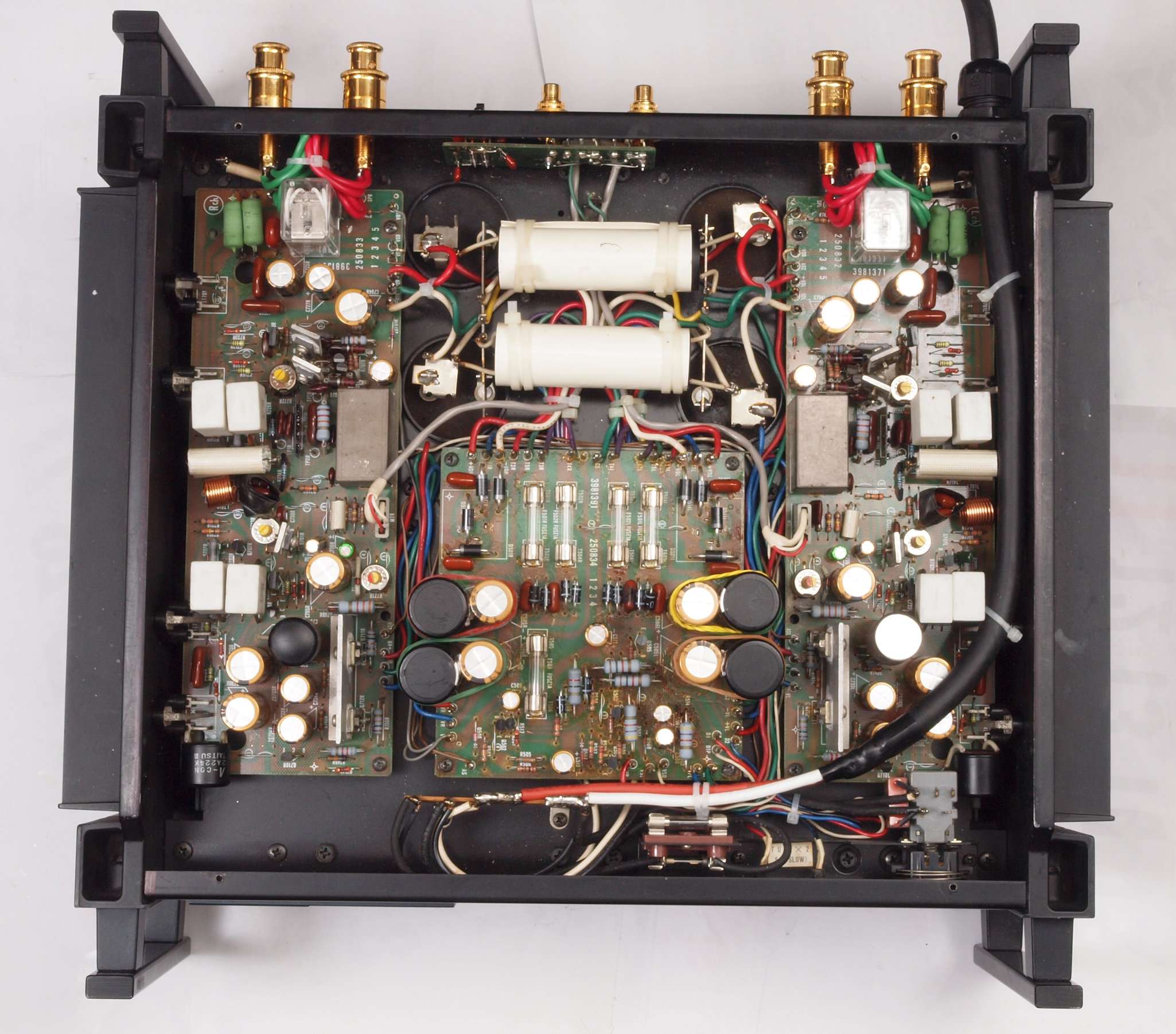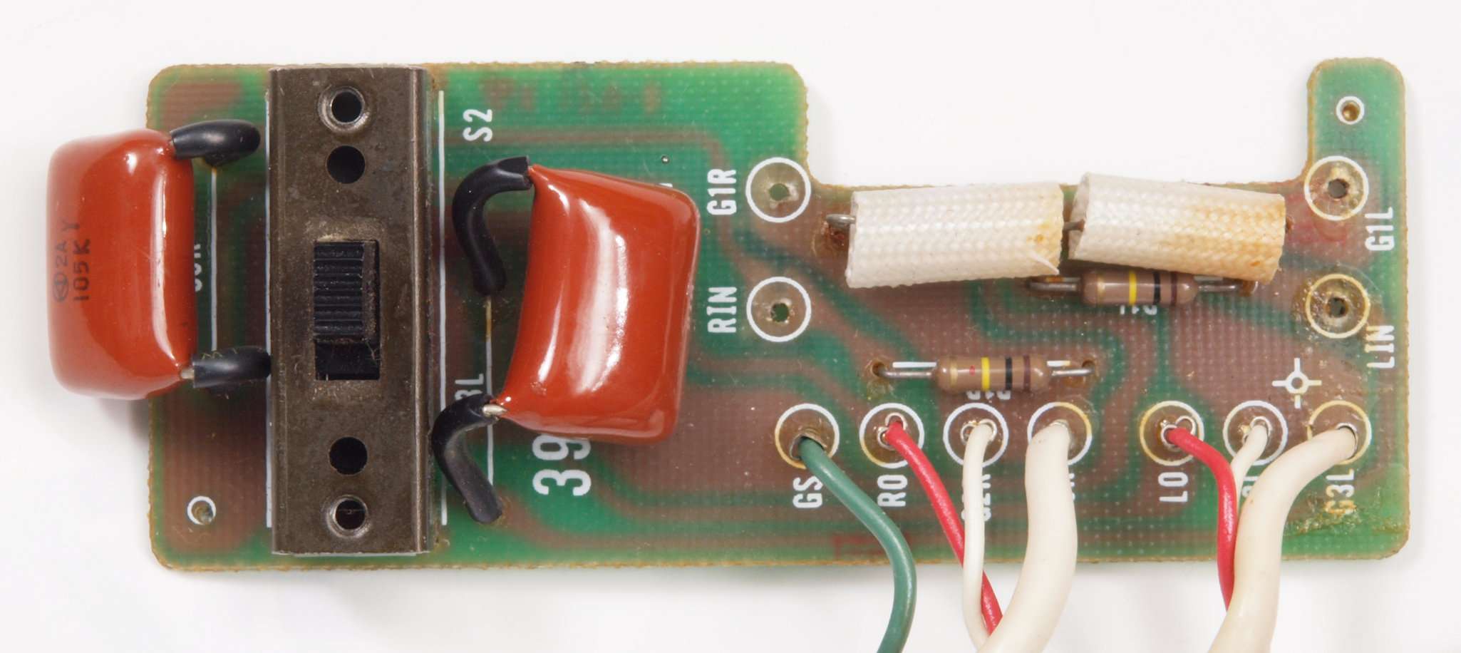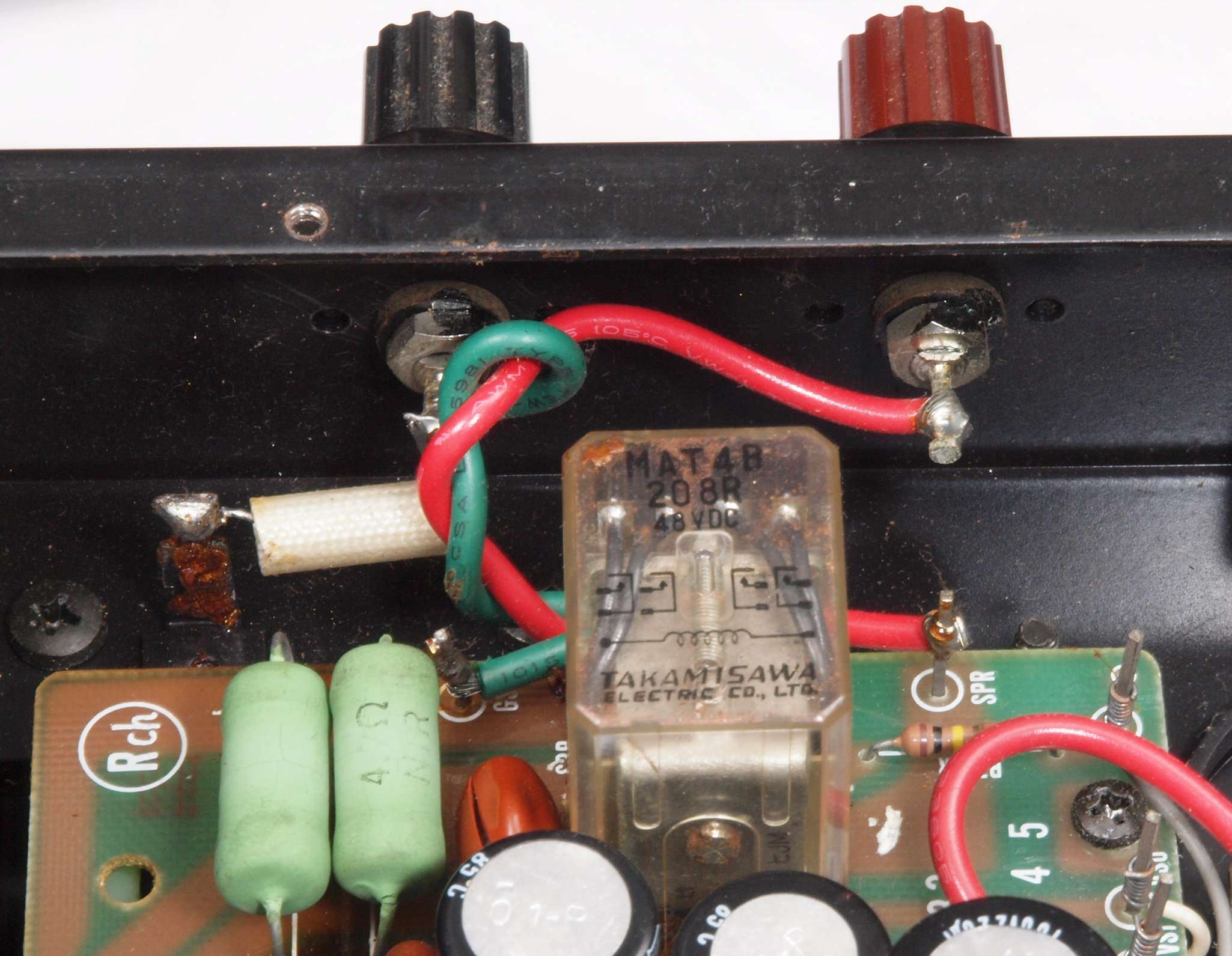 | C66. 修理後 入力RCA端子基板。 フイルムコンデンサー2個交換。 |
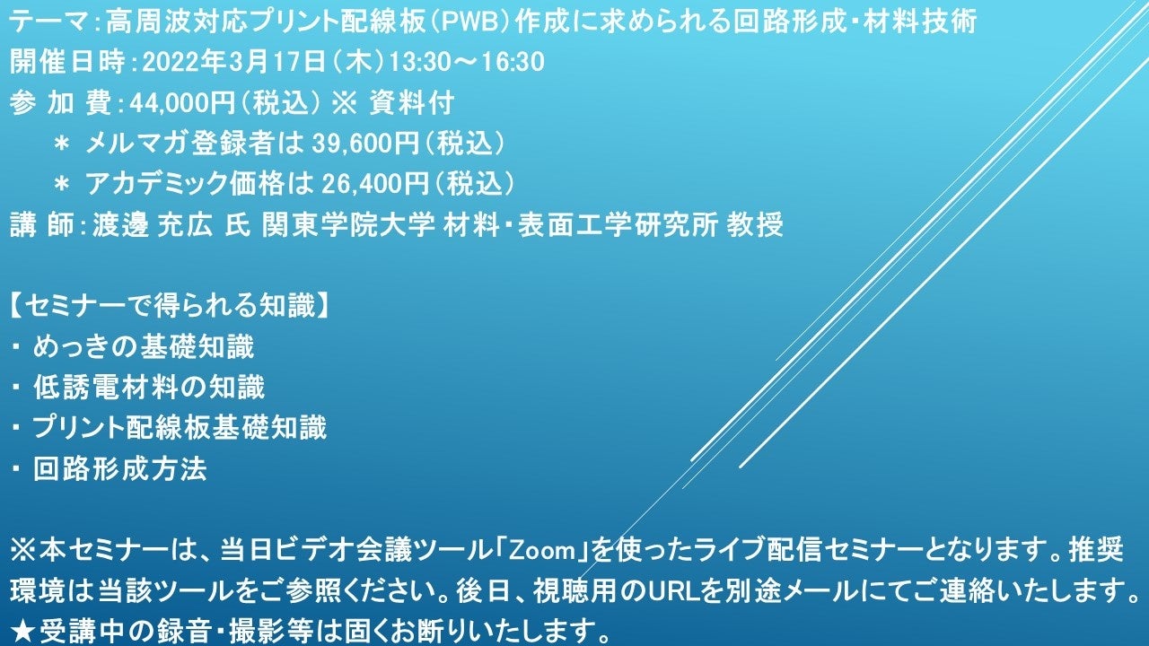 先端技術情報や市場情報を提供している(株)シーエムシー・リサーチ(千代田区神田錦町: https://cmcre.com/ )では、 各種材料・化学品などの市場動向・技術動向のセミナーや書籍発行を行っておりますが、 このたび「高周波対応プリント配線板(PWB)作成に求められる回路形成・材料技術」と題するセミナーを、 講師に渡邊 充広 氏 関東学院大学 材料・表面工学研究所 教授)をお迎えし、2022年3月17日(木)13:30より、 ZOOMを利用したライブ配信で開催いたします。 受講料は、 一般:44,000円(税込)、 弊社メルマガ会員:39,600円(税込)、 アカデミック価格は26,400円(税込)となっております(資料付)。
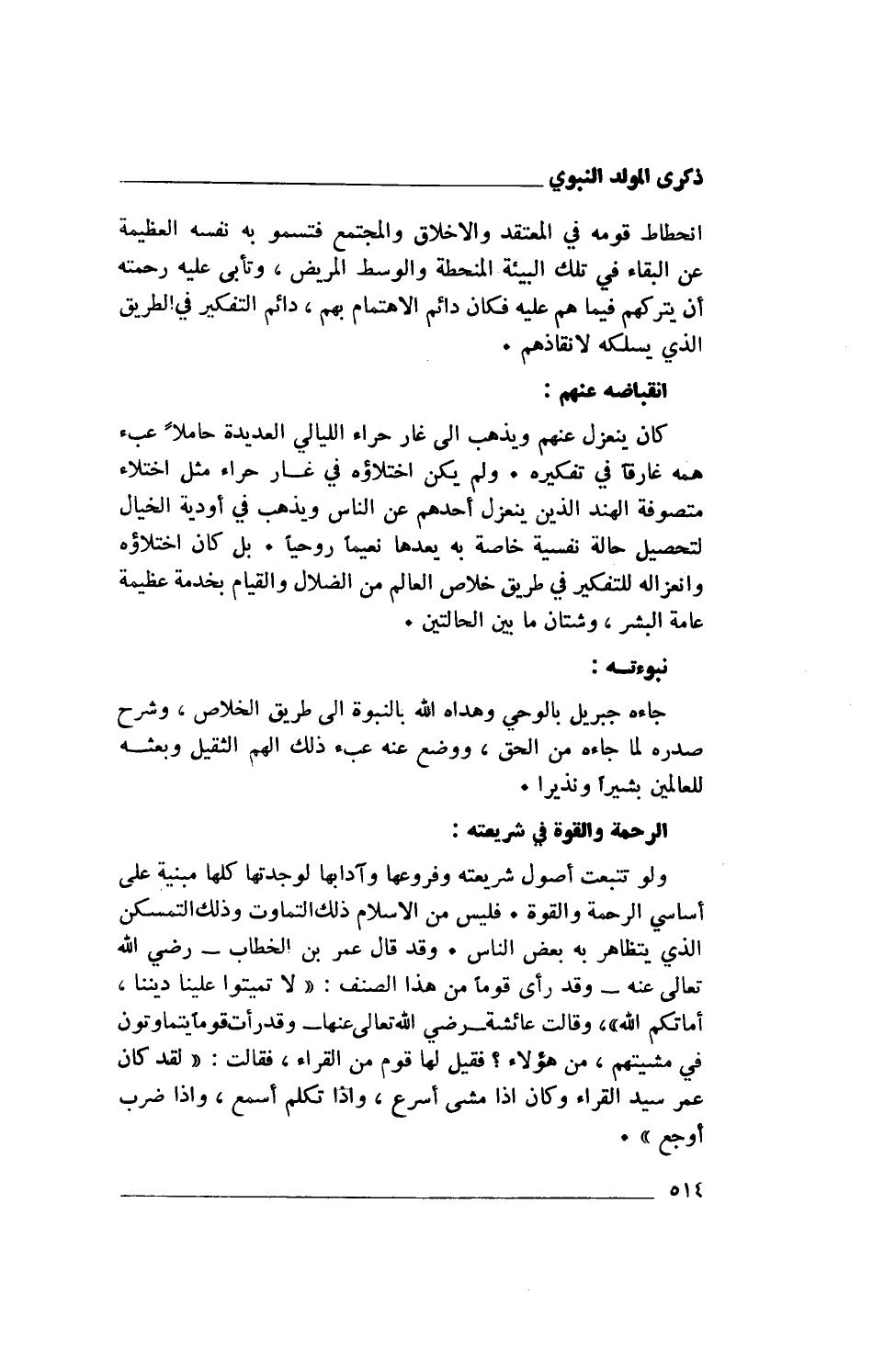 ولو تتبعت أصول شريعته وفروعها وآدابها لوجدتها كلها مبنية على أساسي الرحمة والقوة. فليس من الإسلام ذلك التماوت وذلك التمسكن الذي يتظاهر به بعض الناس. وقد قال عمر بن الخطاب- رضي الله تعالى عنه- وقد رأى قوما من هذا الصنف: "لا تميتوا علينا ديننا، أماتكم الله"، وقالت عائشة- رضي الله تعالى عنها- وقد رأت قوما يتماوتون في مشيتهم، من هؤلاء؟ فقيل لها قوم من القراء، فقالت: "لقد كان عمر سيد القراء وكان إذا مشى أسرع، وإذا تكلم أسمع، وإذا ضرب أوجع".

________

Task instructions. Copy everything in the listing above exactly except the pictures.

Answer to the problem.
 | C66. 修理後 入力RCA端子基板。 フイルムコンデンサー2個交換。 |
 先端技術情報や市場情報を提供している(株)シーエムシー・リサーチ(千代田区神田錦町: https://cmcre.com/ )では、 各種材料・化学品などの市場動向・技術動向のセミナーや書籍発行を行っておりますが、 このたび「高周波対応プリント配線板(PWB)作成に求められる回路形成・材料技術」と題するセミナーを、 講師に渡邊 充広 氏 関東学院大学 材料・表面工学研究所 教授)をお迎えし、2022年3月17日(木)13:30より、 ZOOMを利用したライブ配信で開催いたします。 受講料は、 一般:44,000円(税込)、 弊社メルマガ会員:39,600円(税込)、 アカデミック価格は26,400円(税込)となっております(資料付)。
 ولو تتبعت أصول شريعته وفروعها وآدابها لوجدتها كلها مبنية على أساسي الرحمة والقوة. فليس من الإسلام ذلك التماوت وذلك التمسكن الذي يتظاهر به بعض الناس. وقد قال عمر بن الخطاب- رضي الله تعالى عنه- وقد رأى قوما من هذا الصنف: "لا تميتوا علينا ديننا، أماتكم الله"، وقالت عائشة- رضي الله تعالى عنها- وقد رأت قوما يتماوتون في مشيتهم، من هؤلاء؟ فقيل لها قوم من القراء، فقالت: "لقد كان عمر سيد القراء وكان إذا مشى أسرع، وإذا تكلم أسمع، وإذا ضرب أوجع".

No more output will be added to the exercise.